* _Data to examine_:
# # #

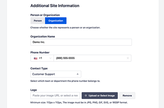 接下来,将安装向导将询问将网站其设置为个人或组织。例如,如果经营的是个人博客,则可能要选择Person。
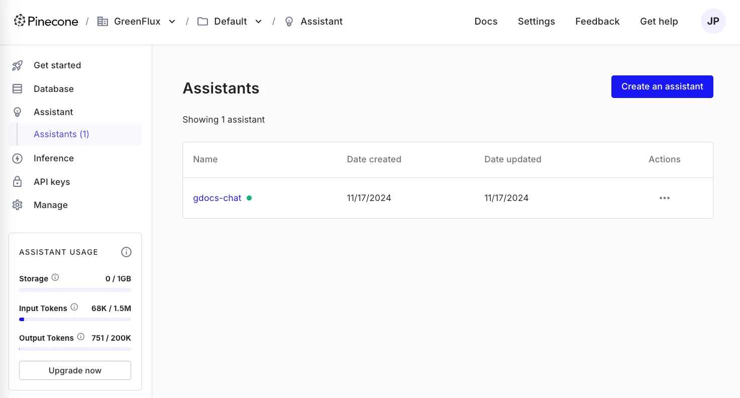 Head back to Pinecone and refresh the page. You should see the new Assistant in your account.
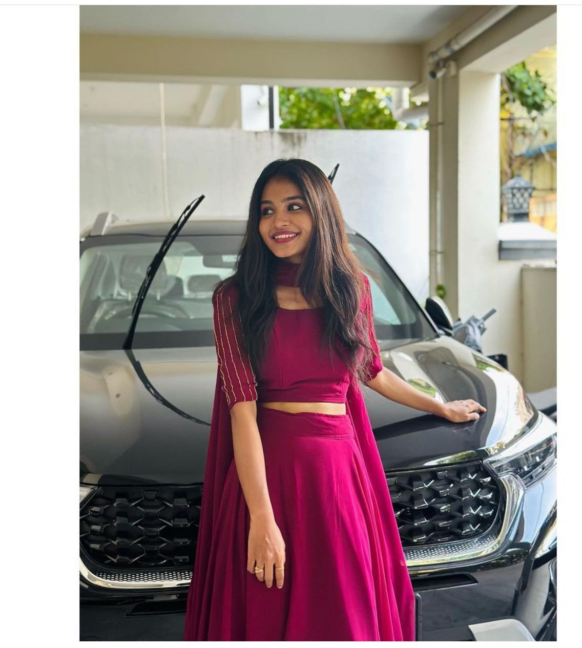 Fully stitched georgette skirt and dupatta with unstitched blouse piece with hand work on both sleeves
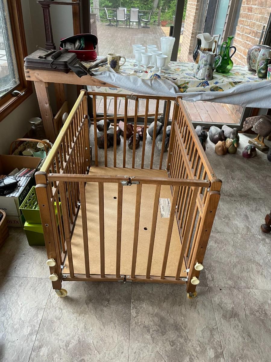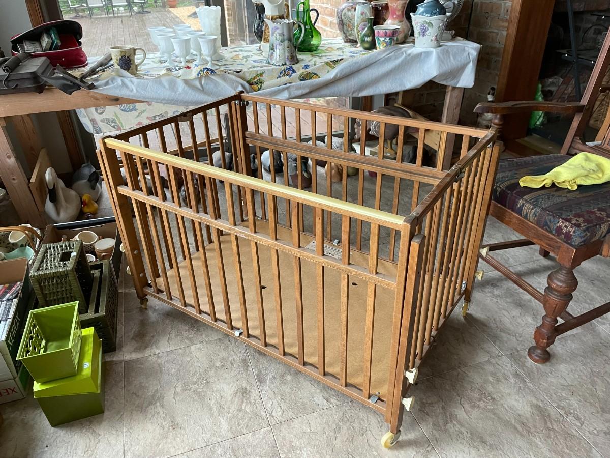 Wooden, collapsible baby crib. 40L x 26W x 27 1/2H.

# # #

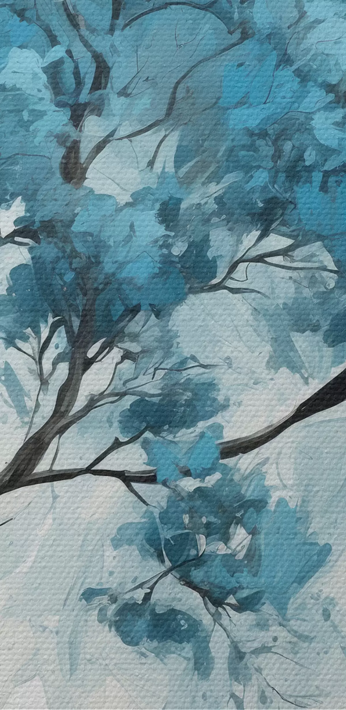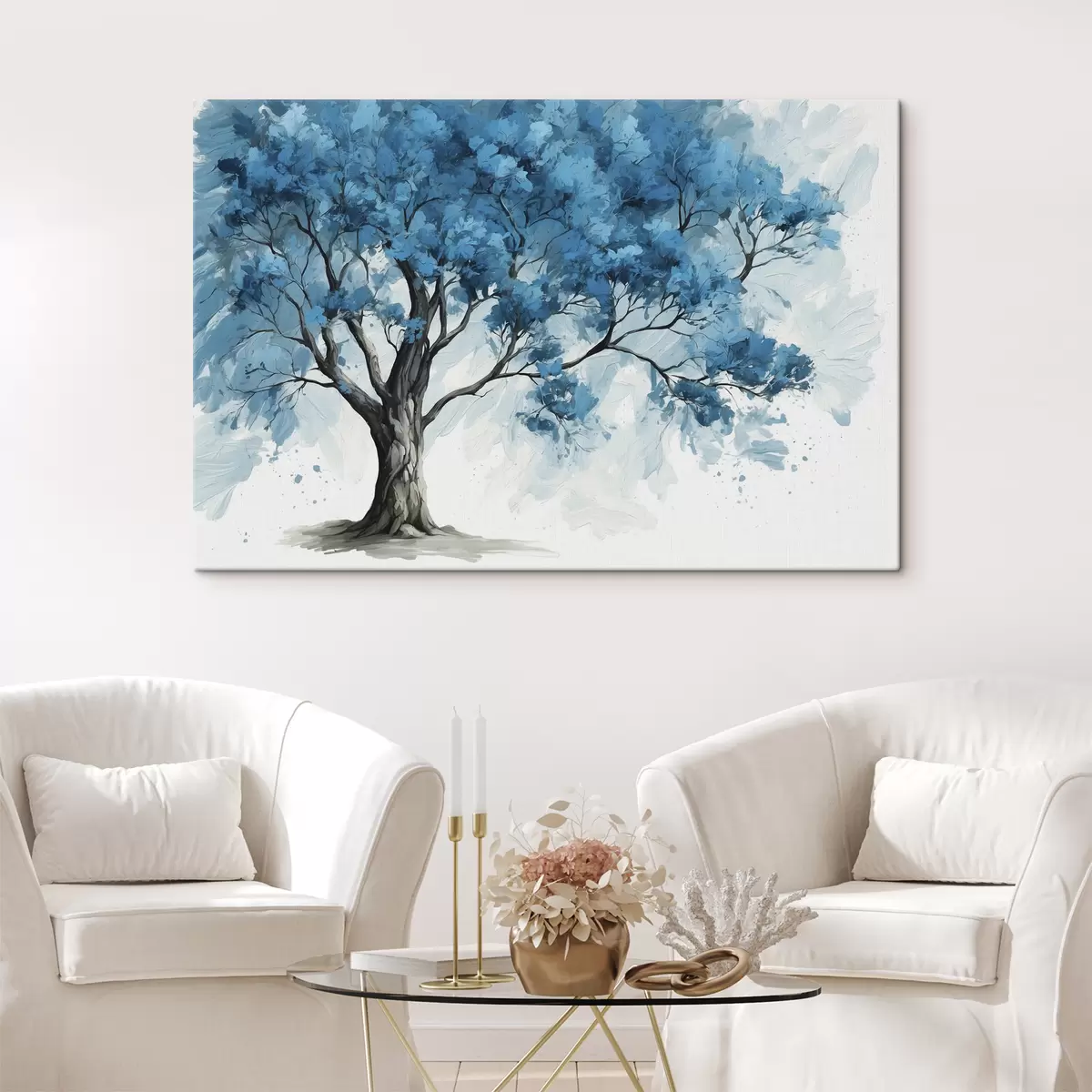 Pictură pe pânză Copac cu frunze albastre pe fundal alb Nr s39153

# # #

* _Action item_: Give again, exactly as written above, each line from the one that has "Head back to" to the one that has "Wooden, collapsible baby", both included; omit the pictures.

* _Solution for this exercise_:
 Head back to Pinecone and refresh the page. You should see the new Assistant in your account.
 Fully stitched georgette skirt and dupatta with unstitched blouse piece with hand work on both sleeves
 Wooden, collapsible baby crib. 40L x 26W x 27 1/2H.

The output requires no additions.